FCN-A mediates the inflammatory response and the macrophage polarization in Aspergillus fumigatus keratitis of mice by activating the MAPK signaling pathway.

Abstract

Fungal keratitis (FK) is a severe corneal disease that may cause vision loss. Previous studies indicate that the innate immune response produces the most effective anti-Aspergillus immune resistance. Ficolin-A (FCN-A), a soluble pattern-recognition receptor (PRR) family plays an important role in the innate immunity. In this study, we aimed to study the role of FCN-A in the A. fumigatus infected cornea. Here for the first time, we reported that the expression of FCN-A increases after A. fumigatus infection in the cornea of mice.

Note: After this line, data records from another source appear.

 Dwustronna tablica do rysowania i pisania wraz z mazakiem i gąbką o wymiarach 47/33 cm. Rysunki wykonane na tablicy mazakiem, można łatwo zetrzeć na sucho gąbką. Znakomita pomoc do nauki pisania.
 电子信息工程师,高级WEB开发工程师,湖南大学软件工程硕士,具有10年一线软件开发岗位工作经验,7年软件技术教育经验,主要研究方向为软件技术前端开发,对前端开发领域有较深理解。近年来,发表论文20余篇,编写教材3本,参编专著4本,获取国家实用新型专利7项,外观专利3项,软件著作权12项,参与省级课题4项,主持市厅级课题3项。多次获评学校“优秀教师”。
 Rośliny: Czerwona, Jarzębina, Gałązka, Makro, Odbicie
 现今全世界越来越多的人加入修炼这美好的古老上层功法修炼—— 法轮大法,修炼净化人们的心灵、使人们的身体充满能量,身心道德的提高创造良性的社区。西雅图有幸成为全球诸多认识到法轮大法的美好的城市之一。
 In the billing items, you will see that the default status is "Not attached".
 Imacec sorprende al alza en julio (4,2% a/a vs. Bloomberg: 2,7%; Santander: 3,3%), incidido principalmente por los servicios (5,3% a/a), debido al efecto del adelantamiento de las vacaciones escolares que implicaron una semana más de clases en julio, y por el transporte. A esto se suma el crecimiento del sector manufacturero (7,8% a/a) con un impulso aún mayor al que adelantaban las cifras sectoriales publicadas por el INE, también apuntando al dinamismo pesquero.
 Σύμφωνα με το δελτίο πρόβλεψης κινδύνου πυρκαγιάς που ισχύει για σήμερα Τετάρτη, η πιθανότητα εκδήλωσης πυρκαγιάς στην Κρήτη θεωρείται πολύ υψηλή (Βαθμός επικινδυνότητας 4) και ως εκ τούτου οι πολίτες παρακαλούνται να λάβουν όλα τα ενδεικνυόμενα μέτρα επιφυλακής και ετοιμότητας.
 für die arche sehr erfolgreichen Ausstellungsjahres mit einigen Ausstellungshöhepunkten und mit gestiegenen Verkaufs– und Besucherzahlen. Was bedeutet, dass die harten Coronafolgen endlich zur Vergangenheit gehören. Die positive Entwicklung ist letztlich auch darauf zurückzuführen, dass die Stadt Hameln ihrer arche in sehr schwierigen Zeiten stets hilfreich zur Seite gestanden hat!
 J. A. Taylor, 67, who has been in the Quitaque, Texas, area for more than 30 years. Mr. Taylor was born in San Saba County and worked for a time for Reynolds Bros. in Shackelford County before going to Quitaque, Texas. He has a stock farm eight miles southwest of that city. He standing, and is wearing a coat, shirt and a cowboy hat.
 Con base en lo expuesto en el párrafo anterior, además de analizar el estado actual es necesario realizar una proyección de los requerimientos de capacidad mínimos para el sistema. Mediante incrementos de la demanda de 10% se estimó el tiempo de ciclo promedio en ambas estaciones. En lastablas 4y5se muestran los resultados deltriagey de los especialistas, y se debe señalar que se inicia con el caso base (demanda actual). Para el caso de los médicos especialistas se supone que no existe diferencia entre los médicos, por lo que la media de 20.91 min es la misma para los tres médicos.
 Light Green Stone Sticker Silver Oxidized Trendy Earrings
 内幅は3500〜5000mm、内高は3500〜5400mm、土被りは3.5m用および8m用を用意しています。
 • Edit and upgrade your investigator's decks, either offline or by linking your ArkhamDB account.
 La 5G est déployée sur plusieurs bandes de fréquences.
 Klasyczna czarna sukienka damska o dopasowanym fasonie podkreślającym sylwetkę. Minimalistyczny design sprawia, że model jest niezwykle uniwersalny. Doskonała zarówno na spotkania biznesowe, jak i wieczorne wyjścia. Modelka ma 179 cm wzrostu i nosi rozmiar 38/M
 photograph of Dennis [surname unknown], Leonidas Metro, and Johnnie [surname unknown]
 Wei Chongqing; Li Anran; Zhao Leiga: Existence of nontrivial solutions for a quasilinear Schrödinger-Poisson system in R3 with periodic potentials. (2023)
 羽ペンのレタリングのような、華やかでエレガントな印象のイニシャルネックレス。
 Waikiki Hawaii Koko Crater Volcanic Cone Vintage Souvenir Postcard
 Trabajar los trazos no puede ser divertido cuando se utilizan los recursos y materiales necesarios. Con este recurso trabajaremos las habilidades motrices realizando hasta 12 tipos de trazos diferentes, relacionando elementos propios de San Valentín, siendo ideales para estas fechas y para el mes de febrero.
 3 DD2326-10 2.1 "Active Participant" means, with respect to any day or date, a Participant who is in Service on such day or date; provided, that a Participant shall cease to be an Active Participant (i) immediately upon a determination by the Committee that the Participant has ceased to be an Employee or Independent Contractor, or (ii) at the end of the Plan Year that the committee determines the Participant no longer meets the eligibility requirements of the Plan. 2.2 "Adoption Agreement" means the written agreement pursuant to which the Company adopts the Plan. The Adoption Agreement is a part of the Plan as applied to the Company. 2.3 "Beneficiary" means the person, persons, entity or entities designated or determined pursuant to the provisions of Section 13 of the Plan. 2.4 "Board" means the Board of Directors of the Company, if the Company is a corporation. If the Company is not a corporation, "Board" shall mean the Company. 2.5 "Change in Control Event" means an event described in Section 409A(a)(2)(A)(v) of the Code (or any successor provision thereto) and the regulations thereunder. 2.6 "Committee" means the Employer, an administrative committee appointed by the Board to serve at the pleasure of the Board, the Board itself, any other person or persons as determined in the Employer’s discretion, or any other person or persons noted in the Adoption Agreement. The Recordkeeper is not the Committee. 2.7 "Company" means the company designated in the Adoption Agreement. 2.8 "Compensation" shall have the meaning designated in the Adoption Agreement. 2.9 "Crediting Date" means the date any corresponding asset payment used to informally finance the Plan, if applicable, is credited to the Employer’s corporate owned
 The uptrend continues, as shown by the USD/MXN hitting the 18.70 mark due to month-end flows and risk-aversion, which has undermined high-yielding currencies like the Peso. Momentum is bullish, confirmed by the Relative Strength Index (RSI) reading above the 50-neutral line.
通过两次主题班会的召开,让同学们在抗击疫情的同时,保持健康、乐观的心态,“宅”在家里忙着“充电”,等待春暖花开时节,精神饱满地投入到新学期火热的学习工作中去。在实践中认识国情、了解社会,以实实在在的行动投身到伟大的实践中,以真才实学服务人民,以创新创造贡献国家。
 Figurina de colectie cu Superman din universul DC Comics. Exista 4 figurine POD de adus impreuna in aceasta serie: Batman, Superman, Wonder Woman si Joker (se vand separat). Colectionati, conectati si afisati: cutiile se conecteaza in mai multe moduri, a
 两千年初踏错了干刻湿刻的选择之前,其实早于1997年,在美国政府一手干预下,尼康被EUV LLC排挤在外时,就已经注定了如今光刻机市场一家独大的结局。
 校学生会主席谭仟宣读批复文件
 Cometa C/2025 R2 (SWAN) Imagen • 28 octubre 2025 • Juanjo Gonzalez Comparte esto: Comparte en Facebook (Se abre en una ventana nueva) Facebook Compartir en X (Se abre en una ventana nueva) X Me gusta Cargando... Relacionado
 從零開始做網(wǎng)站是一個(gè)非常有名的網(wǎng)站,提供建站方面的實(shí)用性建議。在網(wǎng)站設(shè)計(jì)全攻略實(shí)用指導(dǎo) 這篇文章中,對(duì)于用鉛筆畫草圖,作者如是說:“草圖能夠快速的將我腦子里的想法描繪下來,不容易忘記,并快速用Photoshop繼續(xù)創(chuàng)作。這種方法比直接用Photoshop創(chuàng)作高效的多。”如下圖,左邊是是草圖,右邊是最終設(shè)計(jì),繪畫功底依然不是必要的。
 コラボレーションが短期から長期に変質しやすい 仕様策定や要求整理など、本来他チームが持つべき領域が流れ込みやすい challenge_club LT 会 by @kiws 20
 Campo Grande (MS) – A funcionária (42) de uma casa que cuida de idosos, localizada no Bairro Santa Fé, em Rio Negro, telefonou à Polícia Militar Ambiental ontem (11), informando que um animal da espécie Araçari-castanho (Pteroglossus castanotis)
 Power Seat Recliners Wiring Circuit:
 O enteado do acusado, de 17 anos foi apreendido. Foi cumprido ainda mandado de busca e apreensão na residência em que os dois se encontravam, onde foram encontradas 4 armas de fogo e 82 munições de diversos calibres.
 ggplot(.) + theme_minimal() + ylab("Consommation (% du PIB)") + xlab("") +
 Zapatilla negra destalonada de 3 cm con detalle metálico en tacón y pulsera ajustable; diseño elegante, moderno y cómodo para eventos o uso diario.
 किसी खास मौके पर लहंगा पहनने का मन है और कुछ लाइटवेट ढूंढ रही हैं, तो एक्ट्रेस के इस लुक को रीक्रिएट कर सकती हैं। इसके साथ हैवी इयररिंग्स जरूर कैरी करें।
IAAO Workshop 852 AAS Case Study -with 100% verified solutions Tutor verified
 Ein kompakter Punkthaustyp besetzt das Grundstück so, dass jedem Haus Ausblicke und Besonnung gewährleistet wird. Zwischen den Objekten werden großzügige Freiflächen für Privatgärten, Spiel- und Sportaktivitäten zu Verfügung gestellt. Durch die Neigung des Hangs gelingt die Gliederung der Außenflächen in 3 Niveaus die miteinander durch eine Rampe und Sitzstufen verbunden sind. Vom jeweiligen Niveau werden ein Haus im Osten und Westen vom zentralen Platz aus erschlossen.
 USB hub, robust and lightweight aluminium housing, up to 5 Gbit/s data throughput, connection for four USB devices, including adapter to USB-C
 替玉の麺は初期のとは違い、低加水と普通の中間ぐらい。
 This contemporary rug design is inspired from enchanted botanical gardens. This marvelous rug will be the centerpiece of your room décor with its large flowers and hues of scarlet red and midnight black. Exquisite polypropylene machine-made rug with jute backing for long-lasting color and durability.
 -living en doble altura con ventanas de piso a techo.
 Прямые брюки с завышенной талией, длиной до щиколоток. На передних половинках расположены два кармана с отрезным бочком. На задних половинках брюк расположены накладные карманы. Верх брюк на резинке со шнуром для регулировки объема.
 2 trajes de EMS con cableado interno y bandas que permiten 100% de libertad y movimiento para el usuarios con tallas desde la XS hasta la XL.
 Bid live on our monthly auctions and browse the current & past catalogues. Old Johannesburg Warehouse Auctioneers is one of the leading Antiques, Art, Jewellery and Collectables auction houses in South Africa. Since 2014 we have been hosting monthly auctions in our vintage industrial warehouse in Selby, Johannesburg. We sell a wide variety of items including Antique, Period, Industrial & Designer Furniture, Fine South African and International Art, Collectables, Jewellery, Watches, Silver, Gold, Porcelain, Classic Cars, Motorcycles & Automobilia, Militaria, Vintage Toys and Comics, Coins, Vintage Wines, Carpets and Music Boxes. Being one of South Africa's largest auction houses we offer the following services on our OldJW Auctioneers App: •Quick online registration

Then, our results showed that the down-regulation of FCN-A reduced the inflammatory response of the cornea infected mice and decreased the expression of the TNF-a, p-p38, p-JNK. We also found that FCN-A can affect the recruitment of macrophages in the cornea of mice with A. fumigatus keratitis. In the mouse model of A. fumigatus keratitis and the A. fumigatus stimulation of RAW 264.7 cells, knocking down of FCN-A expression promoted the macrophage polarization toward M2. Furthermore, we observed that both the p38 and JNK inhibitors pretreatment decreased the proportion of M1/M2 in RAW 264.7 cells. Taken together, our data provide evidence that FCN-A participated in the inflammatory response of A. fumigatus keratitis in mice. Moreover, FCN-A mediates the inflammatory response and the polarization of the macrophages by activating the MAPK signaling pathway in A. fumigatus keratitis.